Thursday, September 13, 2007

ART: Article of Random Thoughts and ARK: Act of Random Kindess

After a long month, i finally found myself with both the energy and resources to come back online. This time, with a new laptop- a HP tablet PC.

I have took some pictures of it and will post it up the next time coz my camera is running on low batt. I'm taking some time getting used to windows vista and using a stylus, but sigh, i think that cant beat my typing, so here i am comfortably typing away even though it's at 12.36 am.

How should i summarise what's been going through for the past month? on second thought, i dont quite feel like doing that. fickle, spontaneous, whatever.

I've caught Evan Almighty last night and finished reading Mitch Albom's Tuesday with Morris this evening.

Different medium, quite different story lines but yet i took something along with me at the end of it.

How should i put it?

I always feel better after watching, reading stories like this. It makes me feel more alive, more aware of my blessings, more compassionate towards others.

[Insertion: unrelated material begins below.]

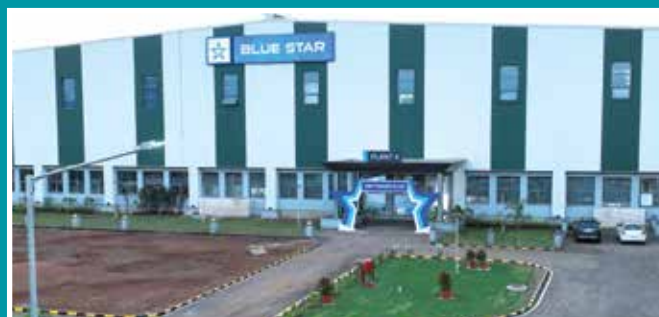
Wada – Deep Freezer Plant

Some scourn at Evan almighty for it's seemingly incredible story line. I am no christian as to speak, but i think having a faith to do something, even when everyone seem to go against you, appear to be so much more intensed, satisfying, and somewhat worth living. Being rated as a lunatic, an insane fool when nobody else stands on your side is so tearful. I'm guilty of many a times judging certain people just because they do things totally out of the norm.

When you pray for something? Does it come falling on your lap? Or does it present as an opportunity to display that something? Meaningful lines and i cant agree any better that Morgan Freeman's the one to deliver this speech.

As for Tuesday with Morrie, i think about death. i think about how given a chance, i will not live my life over again. every moment i have taken till now, be it ups, downs, u-turns, circles, i have not regret. Without any of them, i probably will not be who i am today.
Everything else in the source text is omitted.